Fine Gael's Richard Bruton and Labour's Joan Burton rightly drew attention last night to the abandonment post-2002 of the 2000 promise to double child benefit over three years.

Joan Burton said giving €1,000 a year to parents paying €724 a month for a creche place was completely inadequate. Nevertheless, voters with two children will find €5,600 a year easy to understand.

Budget days have become much more about political presentation than about announcing some real change in economic direction. Much of the ritual surrounding the event has become about as politically relevant as the ceremonial carry-on surrounding the Queen's speech at Westminster.

When a Government has so much to spend, Opposition parties find it hard to garner widespread public support for the notion that the Minister has just done a terrible day's work. Faced with a Government awash with cash for the eighth consecutive budget, and a Minister who knows the importance of neutralising Opposition criticisms and dealing with issues that worry the electorate, Budget Day yesterday was not a happy one for the Opposition.

Fine Gael's Richard Bruton said the Budget was "the first step in buying the next election, and what's more, they're going to try to do it with your own money". Pat Rabbitte maintained most people "will say they have only got their due." Mr Cowen himself acknowledged his good fortune at the outset of his speech: "We are living in the midst of the longest and strongest era of sustained prosperity in all of Irish history." And indeed no Government has ever had it so good. Economic growth next year is projected to be 4.6 per cent in GDP terms - the value of all goods and services produced in the State - and 4.8 per cent in GNP terms - the income earned from producing these goods and services.

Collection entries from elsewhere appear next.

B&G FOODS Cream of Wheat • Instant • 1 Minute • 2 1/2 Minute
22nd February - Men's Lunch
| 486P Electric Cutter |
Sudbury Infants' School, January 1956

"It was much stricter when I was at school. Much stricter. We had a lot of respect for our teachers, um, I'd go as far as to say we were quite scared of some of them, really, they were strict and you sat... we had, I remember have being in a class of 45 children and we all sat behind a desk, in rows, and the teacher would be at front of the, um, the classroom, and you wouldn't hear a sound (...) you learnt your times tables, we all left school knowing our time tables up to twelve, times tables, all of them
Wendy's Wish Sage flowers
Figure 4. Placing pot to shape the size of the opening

Unemployment is expected to remain low at 4.3 per cent, said Mr Cowen.

Employment will grow by 60,000 and inflation will average 2.7 per cent. The debt/GDP ratio will be 28 per cent, one of the lowest in the EU. In the circumstances, Mr Cowen remarked last night, increasing spending by 9.9 per cent (excluding the allocation to repay those illegally charged for nursing home care) "would not be regarded as a profligate spending position".

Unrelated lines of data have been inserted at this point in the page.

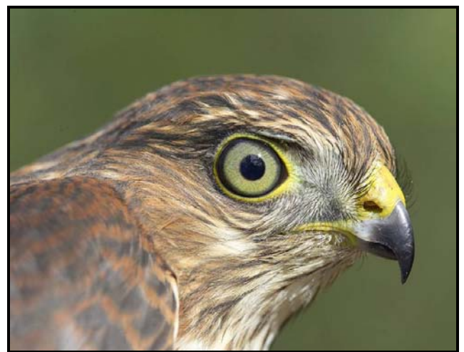
Sharp-shinned Hawk, May 3 rd
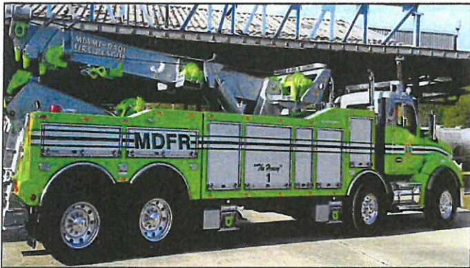
MDFR's "The Heavy" 1 Class D Wrecker

MDFR's Special Operations Division received a new specialty unit in July 2017. The "The Heavy 1" Class D wrecker was the result of a collaborative project between MDFR and truck manufacturer Jerr-Dan. This unit will enhance our rescue capabilities on complex extrications and emergencies such as motor vehicle accidents involving heavy trucks, train accidents, aircraft crashes, and large animal rescues throughout Miami-Dade County.
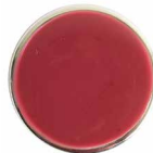
PINK PEACOCK 1 Pantone 18-2045

Formula: 1 tsp Nunn Design Resin 2 large toothpicks Brown 1 tiny toothpick tip White
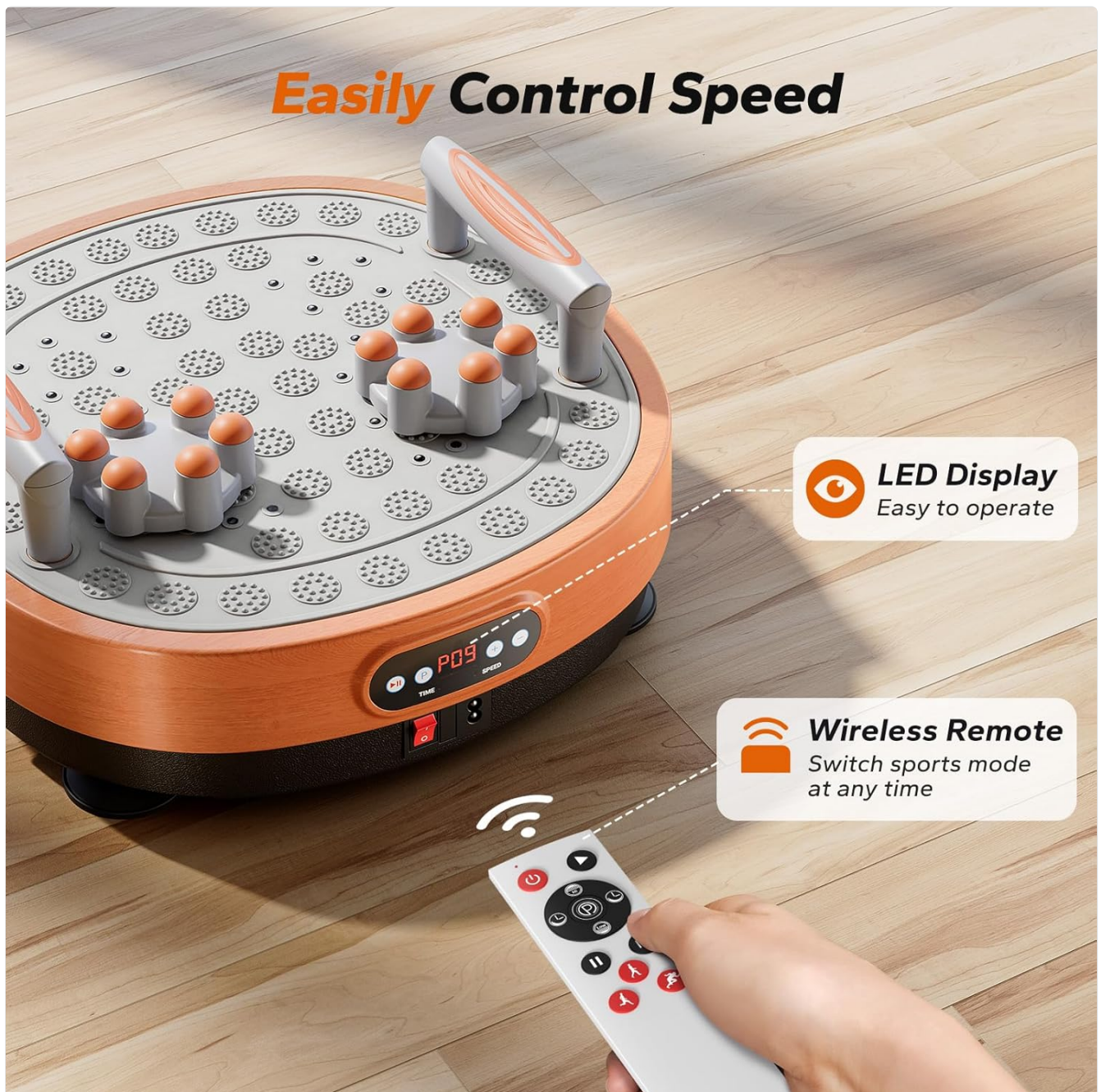
Image: LED Display and Wireless Remote Control.
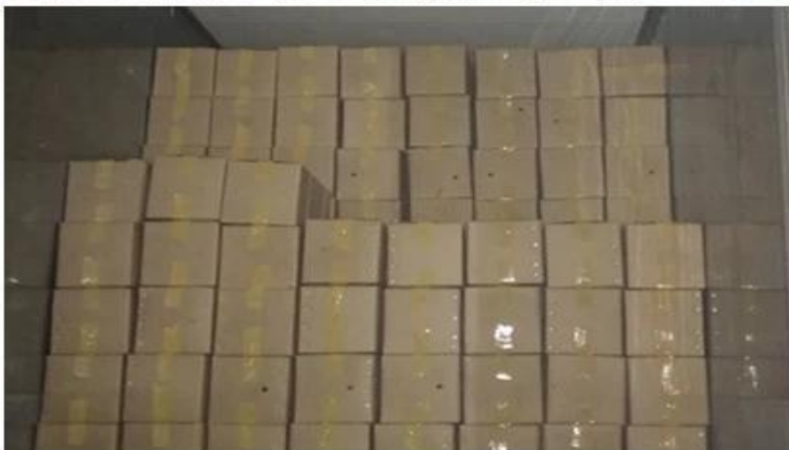
Paulownia stump package
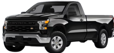
GMC/CHEVY PICKUP TRUCK
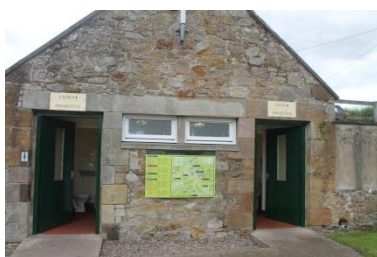
WC entrances at Heatherslaw

Heatherslaw (adjacent to Visitor Centre) has gents and ladies WC facilities (each with two cubicles) accessed from the road where there is a dropped kerb onto the concrete path. There is one cubicle in each of the gents and ladies WCs with disabled accessible. Wheelchair users can access the WCs with assistance. The door width is 87 cm; toilet seat height 43 cm washbasin height 89 cm. Each disabled cubicle has one horizontal support rail beside the toilet, at 93 cm high. The ladies disabled cubicle has a fold down baby-changing table.
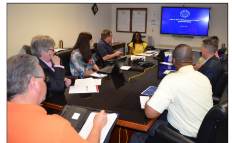
Focus group members discuss the project.

ments users are allowed to file at one time in the E-File System and adding a watermark along the margin of E-Filed documents, to name a few. Phase I is to be completed by June 30, 2017.
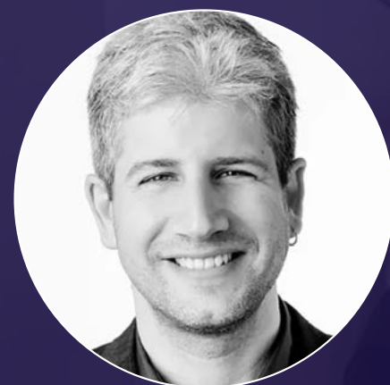
Noam King Worldwide IoT Microsoft
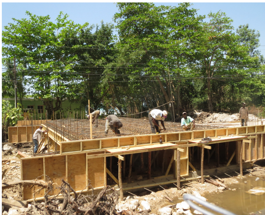
Workmen preparing the deck of the Cave Bridge for the pouring of concrete

It is generally accepted that a good road network drives development. In this vein, the Government of Jamaica is investing even further in the road infrastructure in the area, through a $300 million dollar project to rehabilitate the corridor between Belmont and Scott's Cove and the construction of a new bridge in Cave, Westmoreland. These project follow closely on the heels of a $497 million project which saw the complete rehabilitation of the roadway between Ferris Cross and Belmont.
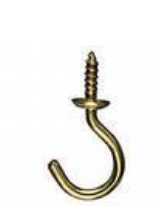
C Hook X

Metal net hooks on goalposts are unsafe and can cause serious injury or death.
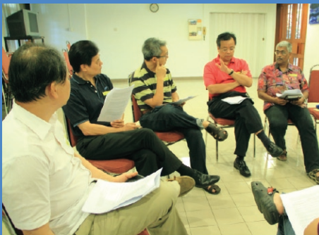
Top and right: Listening intently to the sharing | Responding to the altar call after the movie

After eight years of the Government hailing Ireland's low taxes as the engine of our economic success, Mr Cowen indulged in a subtle but significant piece of political repositioning. He said he believed it was our past investment in education - resulting in "exceptional wealth of intellectual capital" - rather than tax policy that was the single biggest contributor to our economic success.

This is a different emphasis than the one usually made by his predecessor, Charlie McCreevy, and his Government colleagues, the PDs, who point to tax policy more often than any other factor as the engine of economic growth.

Perhaps the only consolation for the Opposition is to think back to the rainbow government of Fine Gael, Labour and Democratic Left in 1997. As the potential taoisigh toured small and medium-sized towns around the State back in 1997, journalists who rarely leave Dublin remarked on the sense of prosperity, the young people working in new factories, the brightened shop fronts and streets that gave evidence of the new prosperous Ireland.

Everybody agreed the economy was booming, Ruairí Quinn had just balanced the budget for the first time in decades. The government lost.

As this Coalition prepares for perhaps 18 more months of distributing the State's riches, the notion that those managing economic success can lose elections is the only thing that may keep those seeking to form an alternative government going.